結果、同性愛などの禁止行為へ理解が深まった反面、教義が曖昧化したほか、謙虚さの強調で貧富の差を縮める効果を生んだ一方、経済発展を阻害した。さらに、政治へのコミットメントが宗教色を弱めたり、組織改編に至っては改革派と保守派の分断を生む結果となった。財政再建という課題も残る。
しかし、コンクラーベ前の会議では、フランシスコが実行した刷新により生まれた分断は乗り越えるべきものとして多くの枢機卿が認識したと伝えられる。推進してきた刷新は、伝統との衝突を承知のうえで、現代と向き合う教会の再構築を目指したものとして評価されている。
フランシスコが残したレガシー(遺産)は、カトリック教会組織が失いかけていたイエス・キリストが残した宣教精神だった。
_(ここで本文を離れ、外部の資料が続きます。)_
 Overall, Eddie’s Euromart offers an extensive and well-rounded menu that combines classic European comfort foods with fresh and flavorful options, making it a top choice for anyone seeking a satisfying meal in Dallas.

性的虐待を隠蔽し続けた体質は、被害者の泣き寝入りを長期化させ、被害を拡大させてきた。新教皇はバチカンの隠蔽体質を打破すること、組織の透明性を高めることも求められる。
新教皇レオ14世が直面する課題
カトリック信者の内訳は、アメリカ大陸が6億7200万人で、とくに中南米に多い。ヨーロッパ大陸は2億8500万人だが、最も減少幅が大きい。一方、アフリカ大陸は2億8100万人で、世界で最も成長が顕著だ。アジアはフィリピンの9300万人を筆頭に1億5500万人となっている(2023年時点)。
筆者の住むフランスのカトリック教会の衰退は顕著で、2000年に人口の60%がカトリック信者と自認していたのが、2021年には47%に減少。18〜49歳の層では、2010年の43%から2020年には25%に低下した。実際にミサに参加するのは10%を切る状況だ。多くのカトリック系の宗教施設が売却され、オフィスやホテル、個人の住宅に改装されている。
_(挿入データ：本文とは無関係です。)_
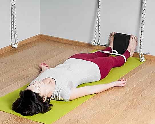 Чтобы расслабить стопы и сохранить максимальный эффект уравнивания внутренних и внешних частей стоп, поместите кирпич между стопами и зафиксируйте это положение ремнём на серединах голеней.

逆に、同期間に無宗教と自認する人の割合は45%から53%に増えている。また、イスラム教徒は8%から11%に増えた。
フランスは大革命から100年後、ライシテ(宗教分離、世俗主義)を国是として決定した。バチカンの権力が国家統治に影響を及ぼした歴史と決別するためだった。しかし、当時と異なり、今では移民が北アフリカから持ち込んだイスラム教がライシテを危険にさらし、さらに宗教は社会の隅に追いやられ、「信仰とは何か」ということが忘却される段階にある。
欧州のカトリックの教勢は、世界で最も減少しており、世俗化の進展、聖職者の性的虐待スキャンダル、移民が持ち込んだ他宗教が増加する中で、カトリックの宗教的アイデンティティーは急速に薄れつつある。
フランシスコの残した宣教の原点に立ち返ろうという精神を受け継ぎ、欧州におけるカトリックを立て直すことができるか。新教皇レオ14世の挑戦が始まろうとしている。